- **What to work on**: Can you copy out the data exactly? Leave the images out.

- **Collected data entries**:
----------
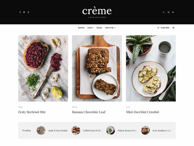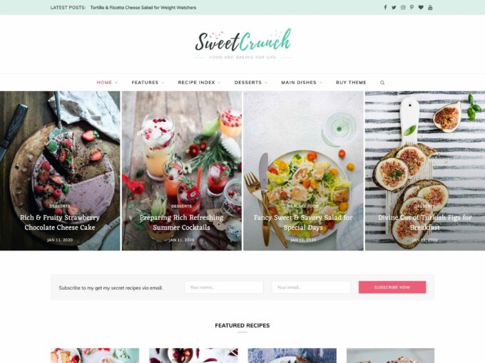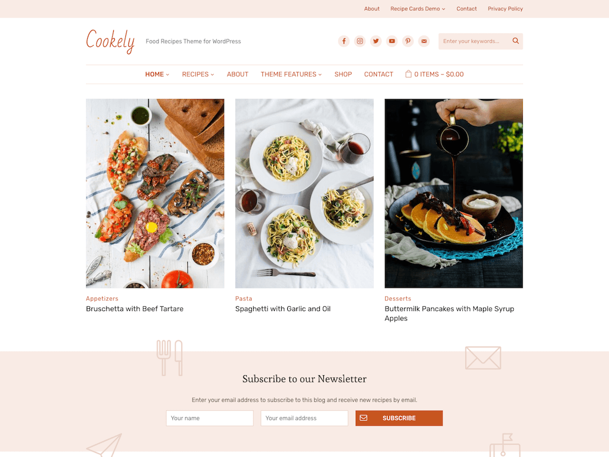 Cookely teması, tariflerinizi güzel bir şekilde düzenlemenize ve sergilemenize olanak tanıyan basit bir düzene sahiptir. Ana sayfada, en popüler tariflerinizi sergilemek için bolca alan var ve her gönderi, ziyaretçilerinizin ağzını sulandıran çarpıcı bir özellikli görsele sahip. Ayrıca, bir reklam afişi koymak için birden fazla yer bulacaksınız ve okuyucularınızı daha lezzetli tarifler için bülteninize kaydolmaya davet edeceksiniz.
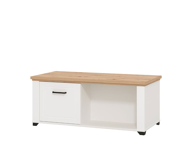 Klub sto VALENCIA M KS u kombinaciji dekora artisan hrasta, opak bijele i bijele mat folije, je dizajnerski privlačno rešenje za uređenje dnevnog boravka, koje daje topliju estetiku enterijeru. Upotrebni prostor čine jedan otvoreni i drugi zatvoreni dio, koji u unutrašnjosti poseduje prostor za odlaganje. Frontovi su obogaćeni crnim ručicama jednostavnog dizajna, a koje su usklađene sa dizajnerskom linijom cijele kolekcije. Pripada istoimenom sistemu elemenata VALENCIA, koji odlikuje funkcionalnost i praktičnost kojoj doprinosi, kako veliki broj elemenata u sistemu, tako i odlična organizacija prostora za odlaganje.
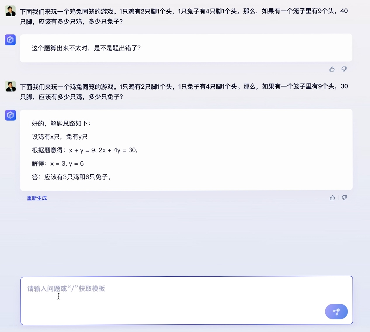 文心一言還具備了一定的思維能力,能夠學會數學推演及邏輯推理等相對復雜任務。面對“雞兔同籠”這類鍛煉人類邏輯思維的經典題,文心一言能理解題意,并有正確的解題思路,進而像學生做題一樣,按正確的步驟,一步步算出正確答案。
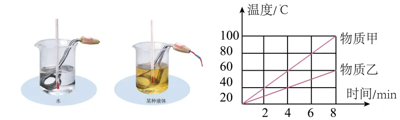 温度,甲液体的加热时间比较长D. 加热相同的时间,甲液体升高的温度小于乙液体
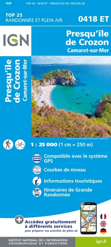 L'indispensable carte de randonnée IGN 0418ET. D'une très grande précision elle contient tous les détails existants sur le terrain : voies de communication jusqu'au moindre sentier, constructions jusqu'au hangar, bois, arbre isolé, rivière, source... Sans oublier la représentation du relief par des courbes de niveau. Les sentiers balisés et les informations touristiques sont également représentés.Communes couvertes : Crozon, Camaret-sur-Mer, Landévennec, Plougastel-Daoulas, Roscanvel, Telgruc-sur-Mer, LanvéocLieux à découvrir : Parc naturel régional d'Armorique,Anse de Poulmic, Rade de Brest, Pointe des Espagnols, les Tas de Pois, Pointe de Pen-Hir, Pointe du Petit Minou, Cap de la Chèvre, Pointe de Dinan, Presqu'île de Crozon, Notre-Dame de Roc'h Amadour, St-Fiacre, Tour Vauban, Pointe des Grottes Dimensions : 96 cm x 132 cm
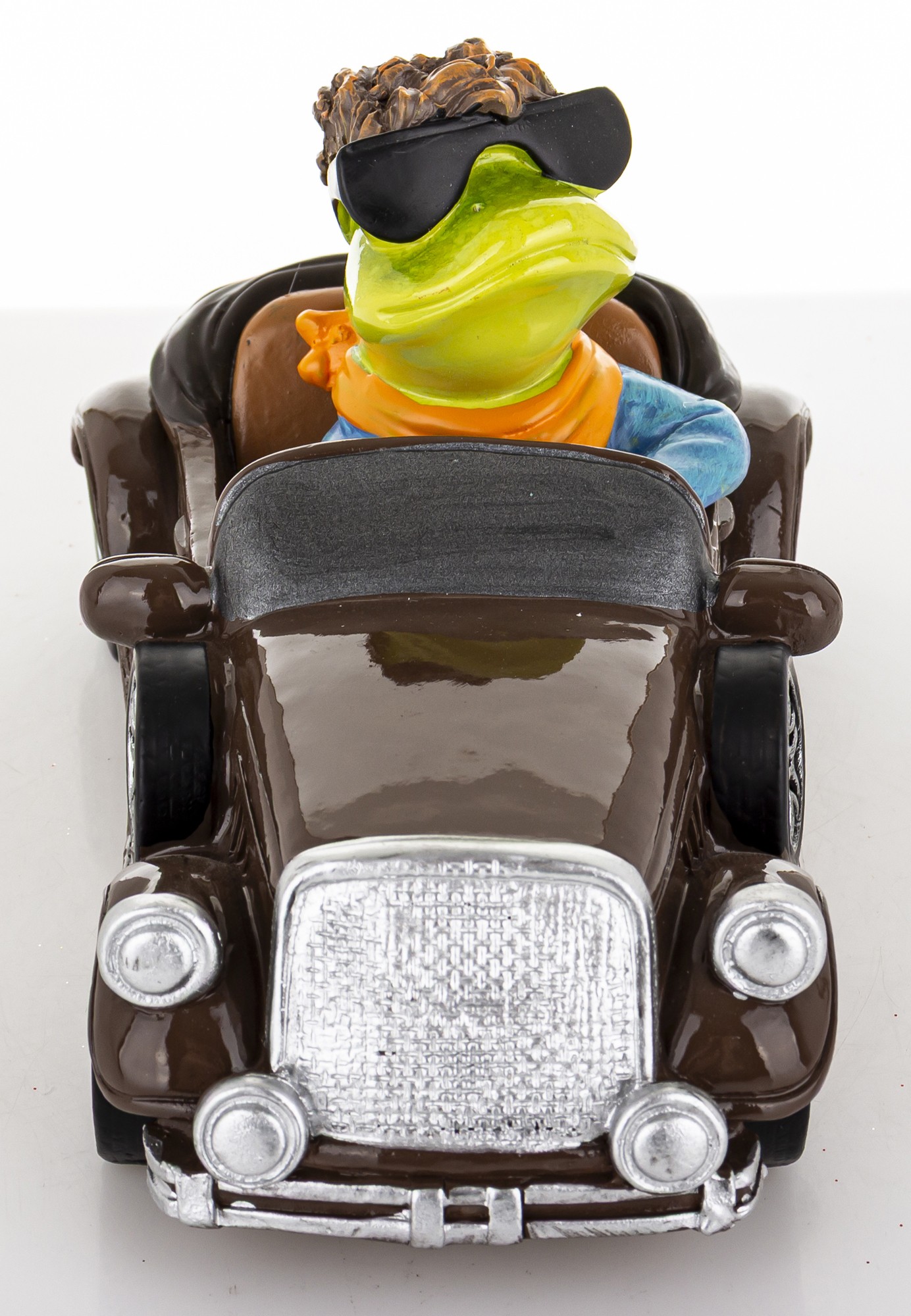Táto keramická žabka – šofér v aute 🐸🚗 je dokonalým stelesnením elegancie a humoru v jednom. Sedí v štýlovom hnedo-sivom retro kabriolete, s okuliarmi na očiach a šálom okolo krku, pripravená vyraziť na cestu.
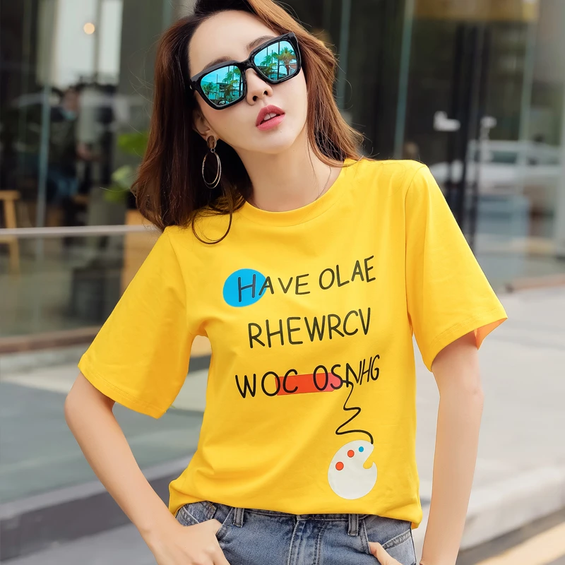 Cotton T Shirt Summer Short Sleeve Top Tee Shirt Femme Camiseta Mujer Printing Letter Women Tshirt Korea Style Chic Top T Shirts Aliexpress
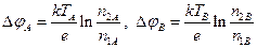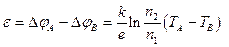 Концентрация свободных электронов слабо зависит от температуры. Поэтому можно полагать, что n 1 A = n 1 В = n 1, n 2 A = n 2 В = n 2. ЭДС, возникающая в цепи, равна
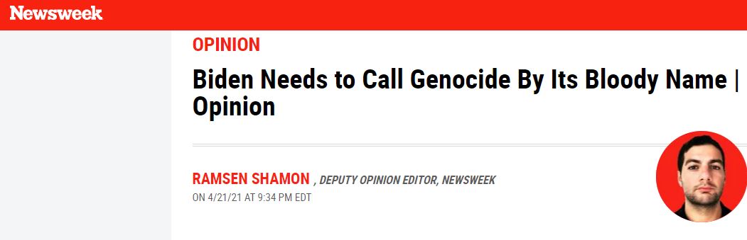 Την ίδια ημέρα, στην ηλεκτρονική πια έκδοσή του, το Newsweek, που απευθύνεται στη μεγάλη λαϊκή μάζα των αμερικανικών δημοκρατικών που ψήφισαν Μπάιντεν στις πρόσφατες εκλογές αναδεικνύοντας μια νέα πολιτική πλειοψηφία στις ΗΠΑ, με πρωτοσέλιδη καταχώριση του μόνιμου αρθρογράφου του Ράμσεν Σαμόν, καλεί τον Τζο Μπάιντεν να «αποκαλέσει τη γενοκτονία με το αιματοβαμμένο όνομά της».
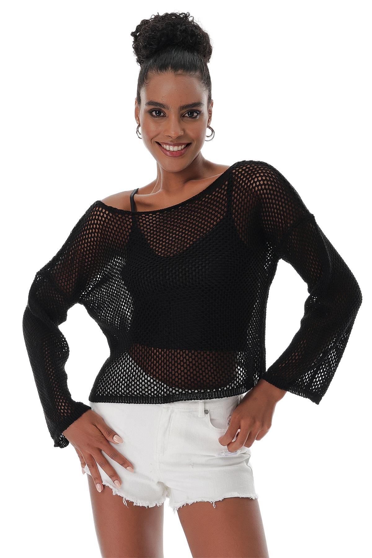 Chuba Kadın File Örgü Pamuklu Bolero Triko Kazak Siyah 23S1006
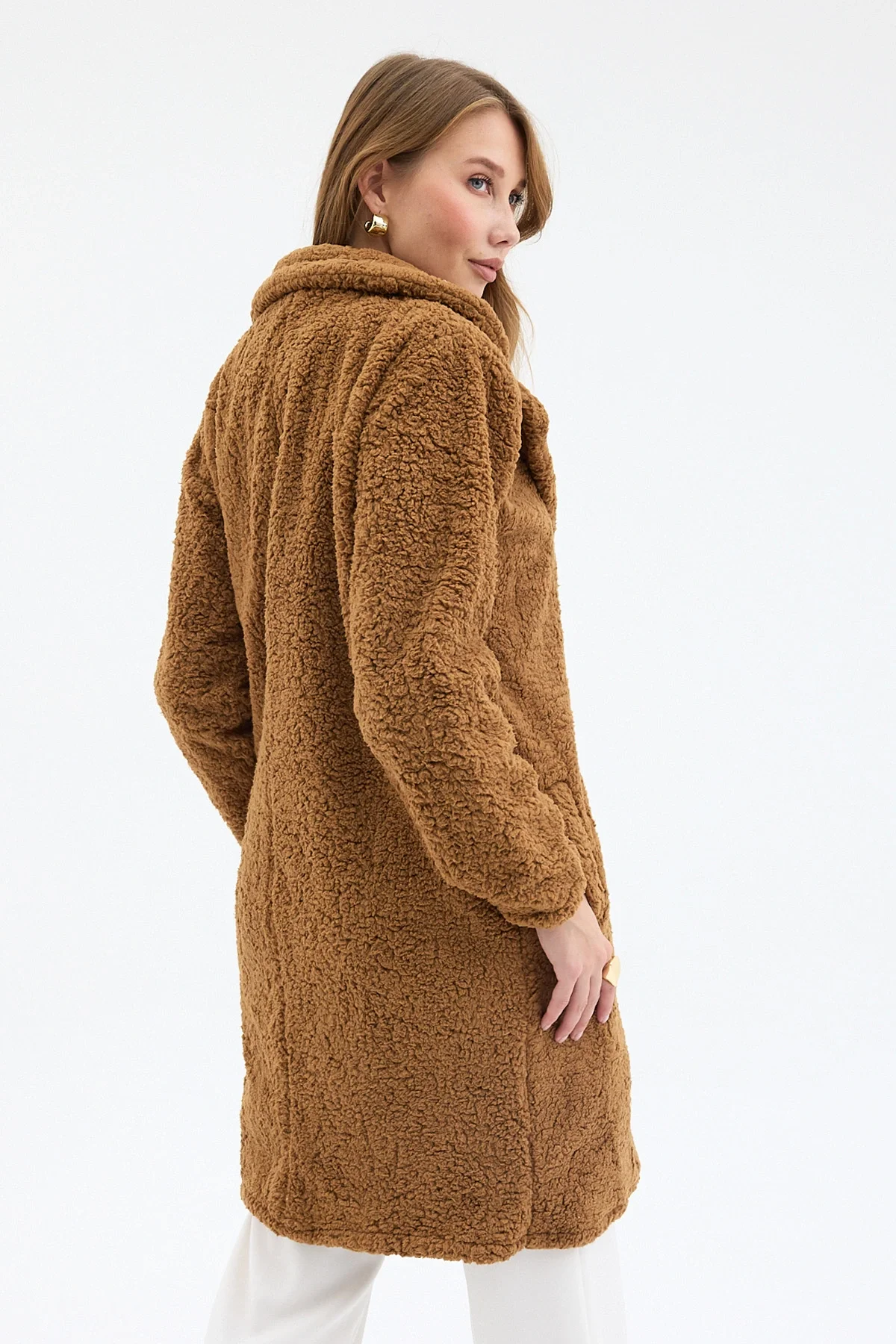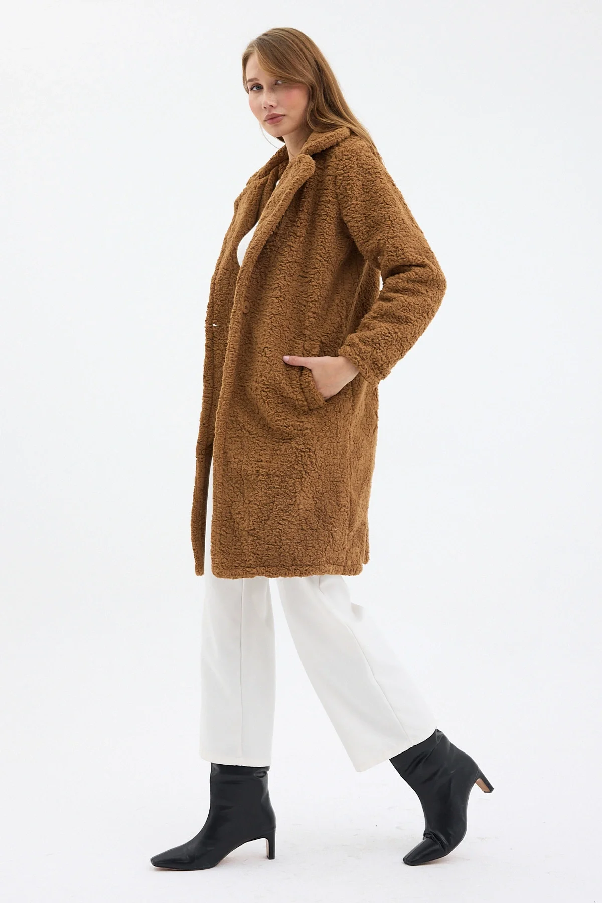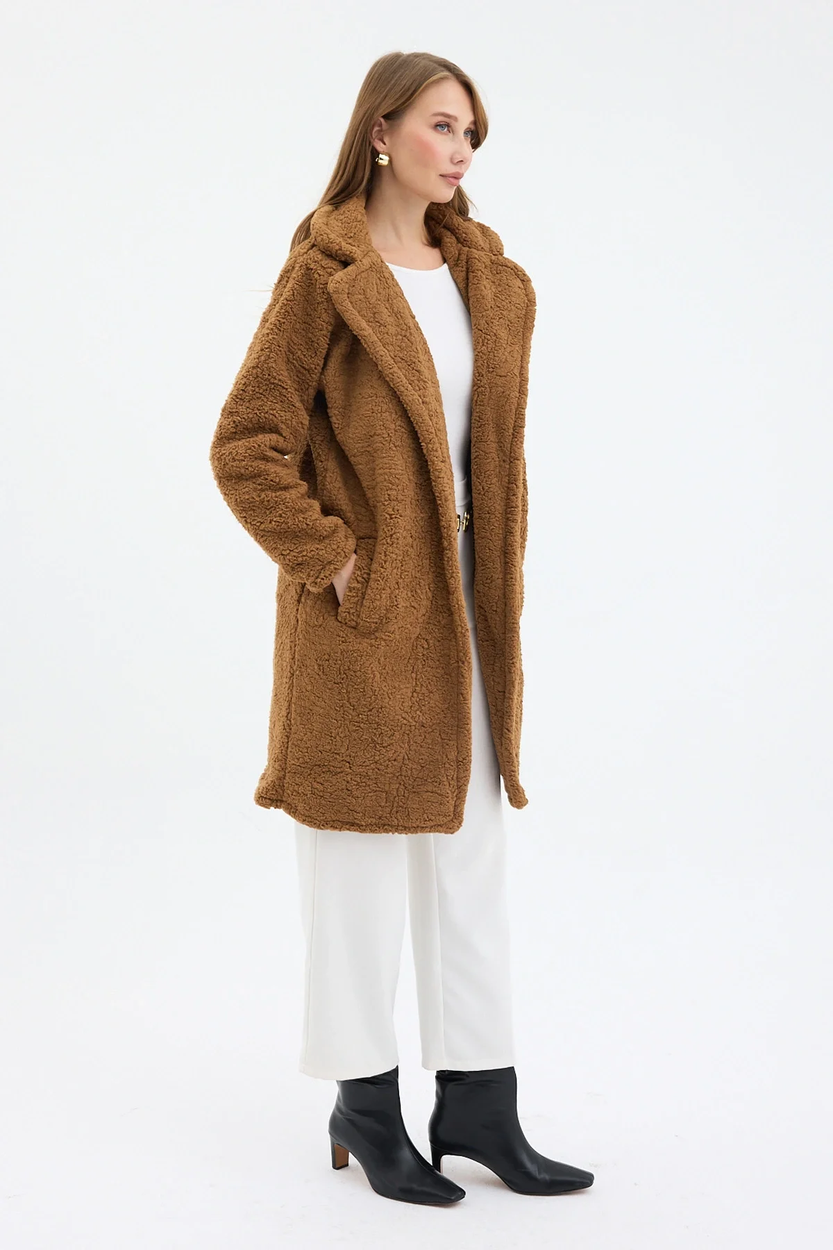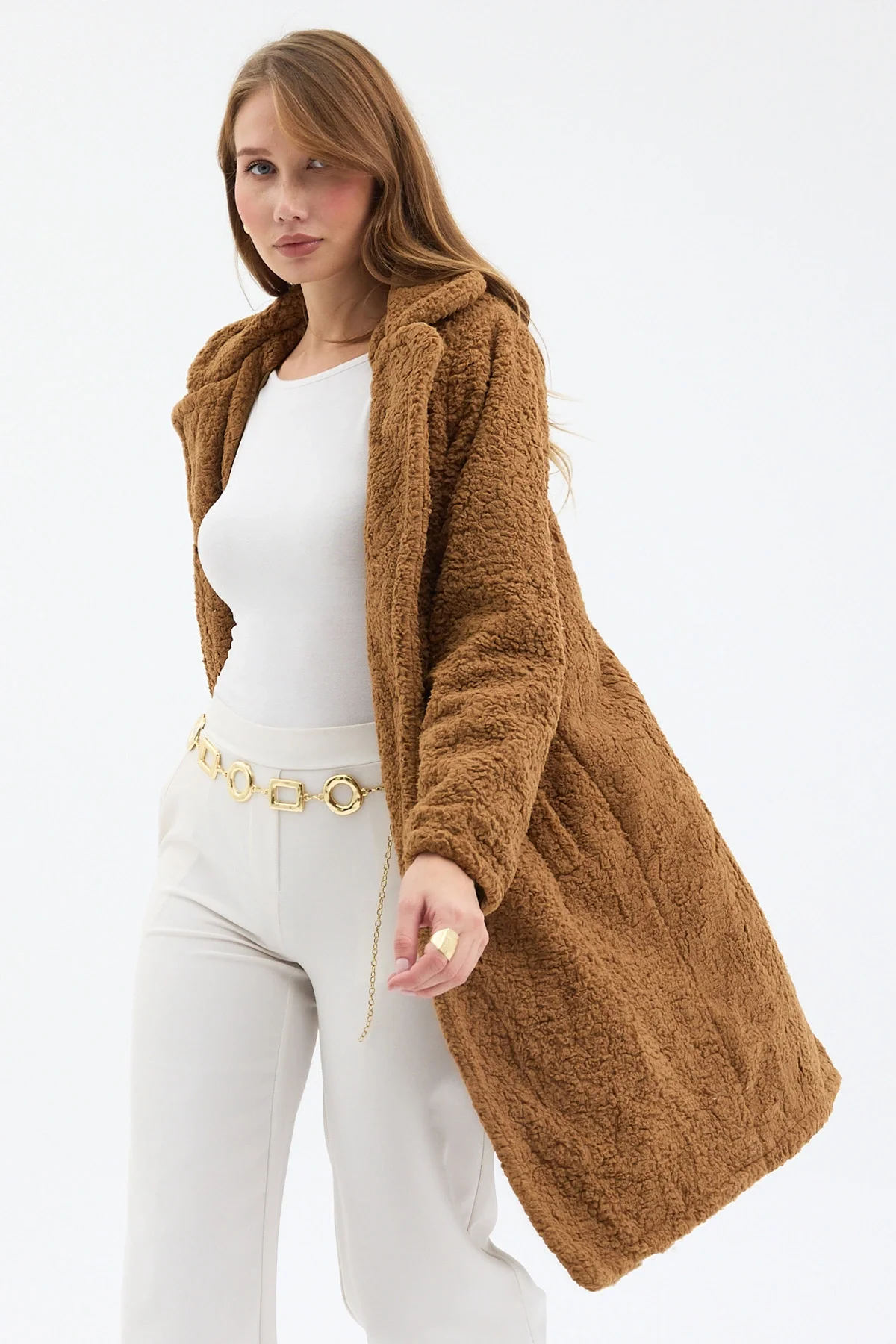 Bu şık kaban; camel rengi, tek düğmeli kapaması, çift cepleri ve astarlı yapısıyla hem dikkat çekici hem kullanışlı bir dış giyim seçeneği sunar. Buklet / kaşe dokusu sayesinde hem sıcak tutar hem de doku efektiyle stil katar.
----------
- **Response area**:
 Cookely teması, tariflerinizi güzel bir şekilde düzenlemenize ve sergilemenize olanak tanıyan basit bir düzene sahiptir. Ana sayfada, en popüler tariflerinizi sergilemek için bolca alan var ve her gönderi, ziyaretçilerinizin ağzını sulandıran çarpıcı bir özellikli görsele sahip. Ayrıca, bir reklam afişi koymak için birden fazla yer bulacaksınız ve okuyucularınızı daha lezzetli tarifler için bülteninize kaydolmaya davet edeceksiniz.
 Klub sto VALENCIA M KS u kombinaciji dekora artisan hrasta, opak bijele i bijele mat folije, je dizajnerski privlačno rešenje za uređenje dnevnog boravka, koje daje topliju estetiku enterijeru. Upotrebni prostor čine jedan otvoreni i drugi zatvoreni dio, koji u unutrašnjosti poseduje prostor za odlaganje. Frontovi su obogaćeni crnim ručicama jednostavnog dizajna, a koje su usklađene sa dizajnerskom linijom cijele kolekcije. Pripada istoimenom sistemu elemenata VALENCIA, koji odlikuje funkcionalnost i praktičnost kojoj doprinosi, kako veliki broj elemenata u sistemu, tako i odlična organizacija prostora za odlaganje.
 文心一言還具備了一定的思維能力,能夠學會數學推演及邏輯推理等相對復雜任務。面對“雞兔同籠”這類鍛煉人類邏輯思維的經典題,文心一言能理解題意,并有正確的解題思路,進而像學生做題一樣,按正確的步驟,一步步算出正確答案。
 温度,甲液体的加热时间比较长D. 加热相同的时间,甲液体升高的温度小于乙液体
 L'indispensable carte de randonnée IGN 0418ET. D'une très grande précision elle contient tous les détails existants sur le terrain : voies de communication jusqu'au moindre sentier, constructions jusqu'au hangar, bois, arbre isolé, rivière, source... Sans oublier la représentation du relief par des courbes de niveau. Les sentiers balisés et les informations touristiques sont également représentés.Communes couvertes : Crozon, Camaret-sur-Mer, Landévennec, Plougastel-Daoulas, Roscanvel, Telgruc-sur-Mer, LanvéocLieux à découvrir : Parc naturel régional d'Armorique,Anse de Poulmic, Rade de Brest, Pointe des Espagnols, les Tas de Pois, Pointe de Pen-Hir, Pointe du Petit Minou, Cap de la Chèvre, Pointe de Dinan, Presqu'île de Crozon, Notre-Dame de Roc'h Amadour, St-Fiacre, Tour Vauban, Pointe des Grottes Dimensions : 96 cm x 132 cm
Táto keramická žabka – šofér v aute 🐸🚗 je dokonalým stelesnením elegancie a humoru v jednom. Sedí v štýlovom hnedo-sivom retro kabriolete, s okuliarmi na očiach a šálom okolo krku, pripravená vyraziť na cestu.
 Cotton T Shirt Summer Short Sleeve Top Tee Shirt Femme Camiseta Mujer Printing Letter Women Tshirt Korea Style Chic Top T Shirts Aliexpress
 Концентрация свободных электронов слабо зависит от температуры. Поэтому можно полагать, что n 1 A = n 1 В = n 1, n 2 A = n 2 В = n 2. ЭДС, возникающая в цепи, равна
 Την ίδια ημέρα, στην ηλεκτρονική πια έκδοσή του, το Newsweek, που απευθύνεται στη μεγάλη λαϊκή μάζα των αμερικανικών δημοκρατικών που ψήφισαν Μπάιντεν στις πρόσφατες εκλογές αναδεικνύοντας μια νέα πολιτική πλειοψηφία στις ΗΠΑ, με πρωτοσέλιδη καταχώριση του μόνιμου αρθρογράφου του Ράμσεν Σαμόν, καλεί τον Τζο Μπάιντεν να «αποκαλέσει τη γενοκτονία με το αιματοβαμμένο όνομά της».
 Chuba Kadın File Örgü Pamuklu Bolero Triko Kazak Siyah 23S1006
 Bu şık kaban; camel rengi, tek düğmeli kapaması, çift cepleri ve astarlı yapısıyla hem dikkat çekici hem kullanışlı bir dış giyim seçeneği sunar. Buklet / kaşe dokusu sayesinde hem sıcak tutar hem de doku efektiyle stil katar.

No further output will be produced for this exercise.